Last June, Antonio Radić, the host of a YouTube chess channel with over a million subscribers, was broadcasting live an interview with the grandmaster Hikaru Nakamura when the broadcast suddenly cut off.
Instead of a heated discussion of chess openings, famous games, and iconic players, viewers were told RadicVideo in the video has been removed due to its “harmful and dangerous” content. Radić saw a message stating that the video, which contained nothing more outrageous than a discussion of the Indian defense of the king, had violated the YouTube community policy. He stayed offline for 24 hours.
What happened is still unclear. YouTube declined to comment beyond saying that deleting Radić’s video was a mistake. But a new study suggests it reflects shortcomings in artificial intelligence programs designed to automatically detect hate speech, abuse and misinformation online.
Ashique KhudaBukhsh, a scientist on the AI project at Carnegie Mellon University and a serious chess player himself, wondered if YouTube’s algorithm could have been confused by discussions involving black and white pieces, attacks and tusks.
So he and Rupak sarkar, engineer at CMU, designed an experiment. They formed two versions of a language model called BERT, one using posts from the racist far-right website Stormy front and the other using data from Twitter. They then tested the algorithms on the text and comments of 8,818 chess videos and found them far from perfect. Algorithms flagged around 1% of transcripts or comments as hate speech. But over 80% of those reported were false positives – read in context, the language was not racist. “Without a human in the loop,” both men say in their article, “trusting the predictions of standard classifiers on chess discussions can be misleading.”

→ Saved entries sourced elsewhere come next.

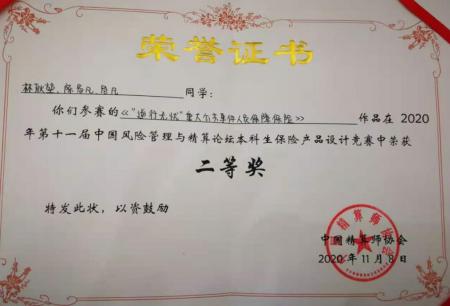 11月6日-8日,第十一届中国风险管理与精算论坛在厦门大学举行,在论坛举办的本科生保险产品设计竞赛中,我校统计学院林耿堃、陈易凡、危凡同学的参赛作品《“逆行无忧”重大公共事件人员保障保险》和李影、鲍莉洁、杜雨含同学的参赛作品《“安然无忧买房险”——如期交房保障保险》分别获得本科生组二等奖和三等奖。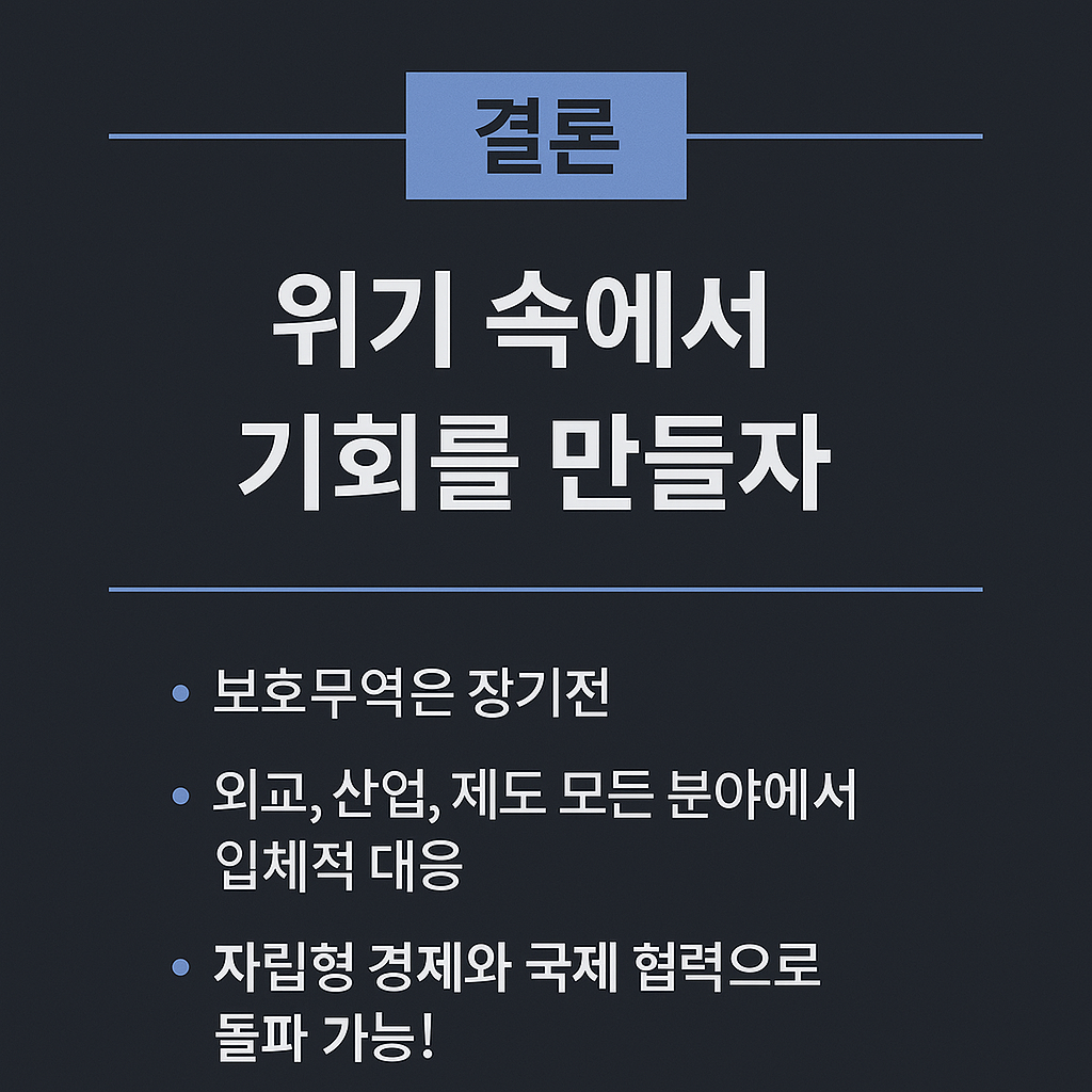 이러한 노력이 결합될 때, 대한민국은 보호무역의 위기를 기회로 전환하며 글로벌 경제의 불확실성 속에서도 굳건한 입지를 유지할 수 있을 것이다.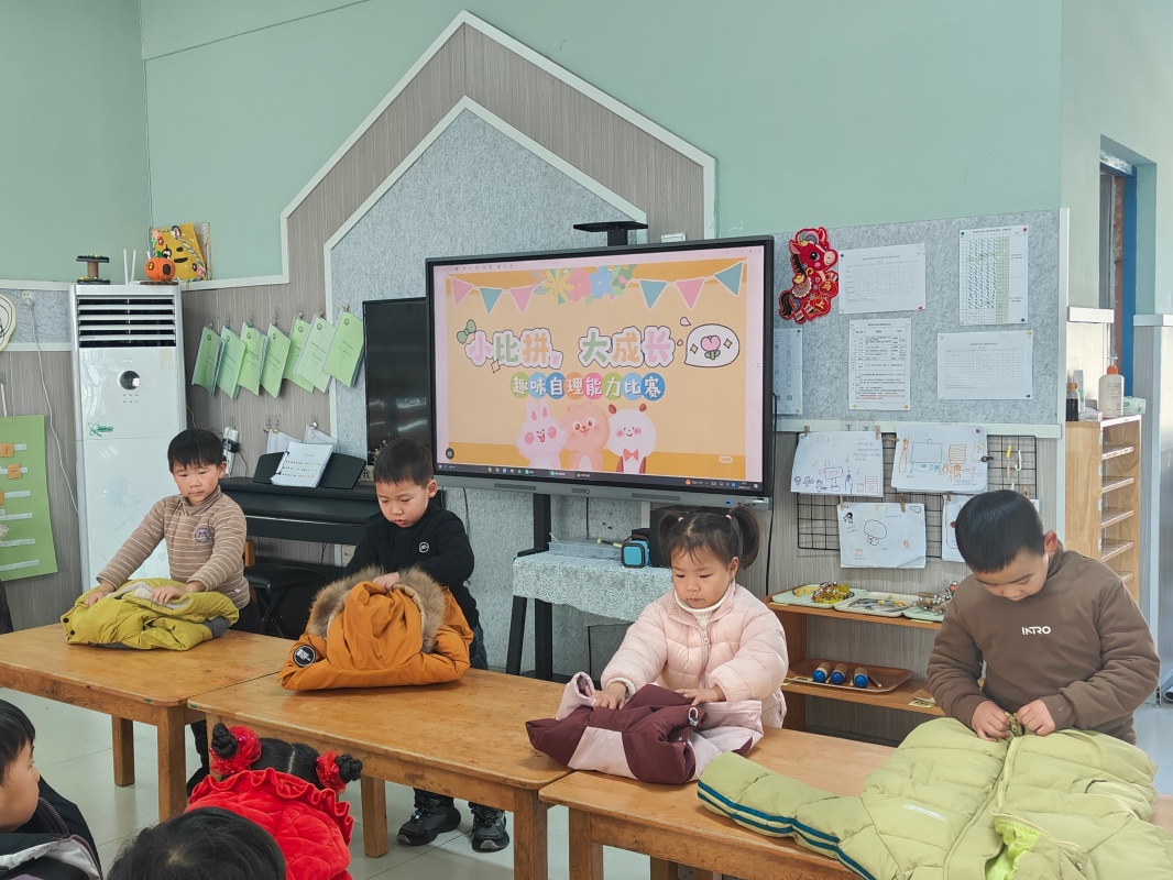 比赛的号角率先吹响!小选手们摩拳擦掌,跃跃欲试,比赛项目轮番上阵,考验着宝贝们的小手灵活性和熟练度。看!小达人们全神贯注,叠衣服拉拉链,叠好的衣服边角分明,摆放得整整齐齐;孩子们化身“整理小管家”,动作更快更稳地将画笔、书本送回各自的“家”;接着穿好袜子与鞋子,仔细检查“正反是否正确”,确认无误后高高举手示意。挺直的小身板,是对“自主自理”的自信回应。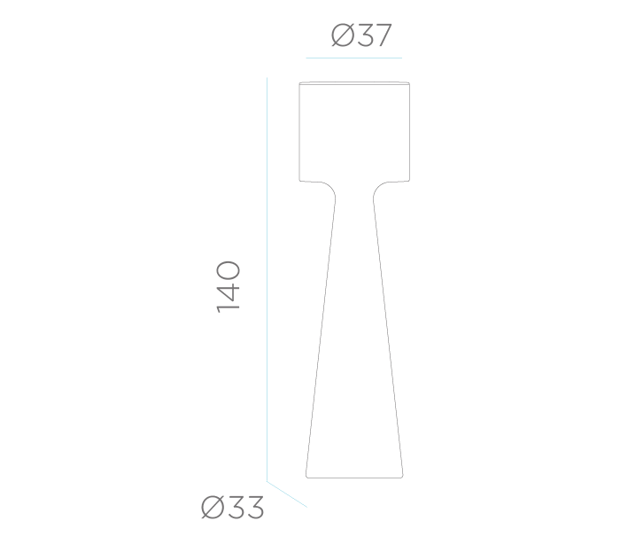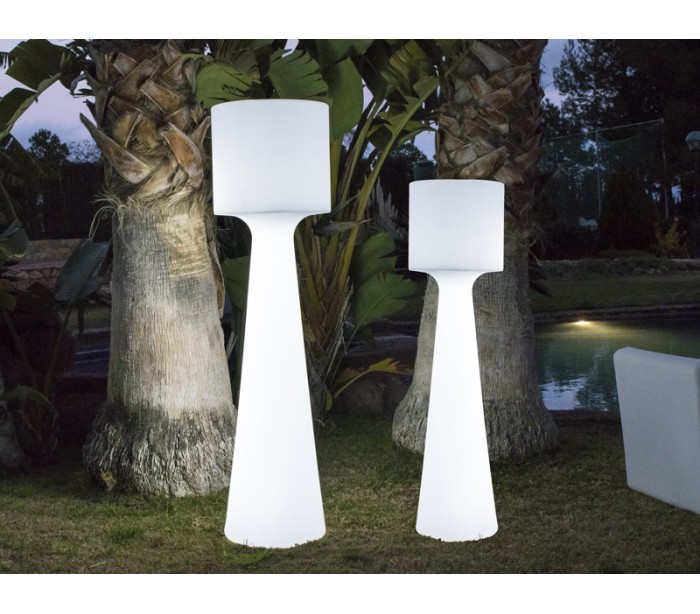 Dekorativ trådløs udendørs gulvlampe fremstillet i hvid polyethylene. Lampen oplades via AC/DC adapter, der går direkte i stikkontakten og er med 1,5 meter ledning. Lampen måler 140 cm i højden og 37 cm i skærmdiameter.

The experiment revealed a major problem for AI language programs. Detecting hate speech or abuse isn’t just about catching wrongs words and phrases. The same words can have very different meanings in different contexts, so an algorithm must infer a meaning from a string of words.
“Basically the language is still a very subtle thing”, says Tom mitchell, CMU professor who previously worked with KhudaBukhsh. “These types of trained classifiers won’t be 100% accurate any time soon.”
Yejin Choi, an associate professor at the University of Washington specializing in AI and language, says she is “not at all” surprised by YouTube’s withdrawal, given the limits of understanding languages today. Choi says further progress in detecting hate speech will require big investments and new approaches. She says algorithms work best when they analyze more than just a piece of text in isolation, incorporating, for example, a user’s comment history or the nature of the channel the comments are posted to.
But Choi’s research also shows how detecting hate speech can perpetuate stigma. In one Study 2019, she and others found that human annotators were more likely to label Twitter posts from users who identify as African-American as abusive, and that algorithms trained to identify abuse using these annotations. will repeat these prejudices.
Companies have spent millions of dollars collecting and annotating training data for self-driving cars, but Choi says the same effort was not made in annotation language. So far, no one has collected and annotated a high-quality hate speech or abuse dataset that includes many “extreme cases” with ambiguous language. “If we invest that level in data collection – or even a small fraction of it – I’m sure AI can do a lot better,” she says.
Mitchell, Professor CMU, says YouTube and other platforms probably have more sophisticated AI algorithms than the one built by KhudaBukhsh; but even these are still limited.